Honorables sénateurs, je trouve très inquiétant qu'aucune des principales recommandations relatives aux Autochtones contenues dans le rapport n'ait été mise en œuvre. Lorsqu'il est question de santé mentale, je crois que les enjeux sont trop importants pour que l'on continue à rester indifférent comme on l'a toujours fait. Je crains qu'on soit condamné à répéter les erreurs du passé et que l'on continue à laisser pour compte les Premières nations, les Inuits et les Métis si on n'agit pas dès maintenant. Le gouvernement fédéral doit faire figure de chef de file en matière de santé mentale chez les Autochtones. Les recommandations formulées dans le rapport du comité sénatorial constituent des étapes logiques dans le processus d'évaluation des programmes actuels et de création des nouveaux programmes. On devrait les mettre en œuvre immédiatement.

Depuis les cinq dernières années, les Canadiens sont plus réceptifs, dans l'ensemble, aux problèmes de santé mentale. Même si le rapport du Comité sénatorial permanent des affaires sociales, des sciences et de la technologie a manifestement eu un effet positif, il n'en demeure pas moins qu'il y a place à l'amélioration, qu'il reste une foule de recommandations à mettre en œuvre et que beaucoup de Canadiens ont encore besoin d'aide. Nous avons peut-être levé le voile sur la santé mentale, mais il nous reste encore beaucoup à faire pour veiller à la santé mentale et au bien-être de tous.

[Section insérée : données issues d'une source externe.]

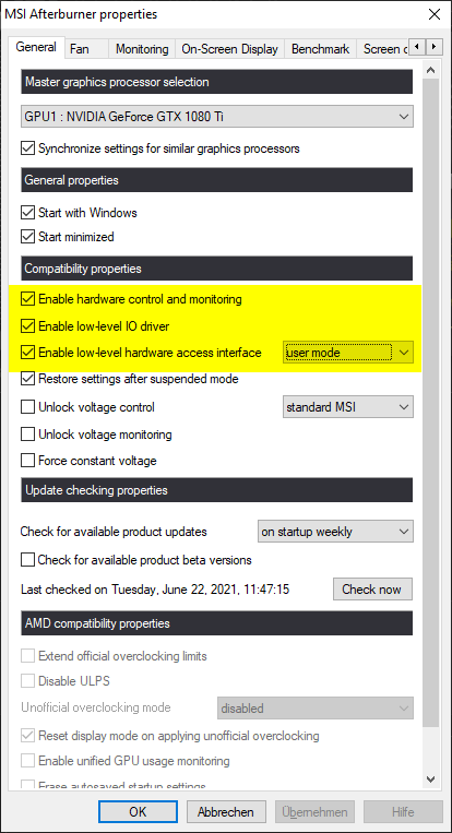 ja, MSI Afterburn ist installiert. Die Einstellung "Enable low-level hardware access interface" ist aktiv und auf "user mode" eingestellt. Das ist aber eine Standardeinstellung, die hab ich nicht geändert.

(Sur la motion du sénateur Cordy, le débat est ajourné.)

Droits de la personne

Autorisation au comité de recevoir les documents liés à l'étude du projet de loi S-4 réalisée pendant la troisième session de la quarantième législature et à l'étude sur la répartition des biens immobiliers matrimoniaux dans les réserves effectuée lors de la première session de la trente-huitième législature et de la deuxième session de la trente-septième législature aux fins de l'étude du projet de loi S-2 actuellement en cours

L'honorable Dennis Glen Patterson, au nom du sénateur Jaffer et conformément à l'avis donné le 2 novembre 2011, propose :

Que les documents reçus, les témoignages entendus, et les travaux accomplis par le Comité sénatorial permanent des droits de la personne au cours de son étude du projet de loi S- 4, Loi concernant les foyers familiaux situés dans les réserves des premières nations et les droits ou intérêts matrimoniaux sur les constructions et terres situées dans ces réserves, pendant la troisième session de la quarantième législature et son étude spéciale sur le partage des biens immobiliers matrimoniaux situés dans une réserve, pendant la première session de la trente-huitième législature et la deuxième session de la trente- septième législature, soient renvoyés au Comité pour l'étude du projet de loi S-2, Loi concernant les foyers familiaux situés dans les réserves des premières nations et les droits ou intérêts matrimoniaux sur les constructions et terres situées dans ces réserves.

Son Honneur le Président : Honorables sénateurs, vous plaît-il d'adopter la motion?

Des voix : D'accord.

(La motion est adoptée.)

(Le Sénat s'ajourne au mercredi 16 novembre 2011, à 13 h 30.)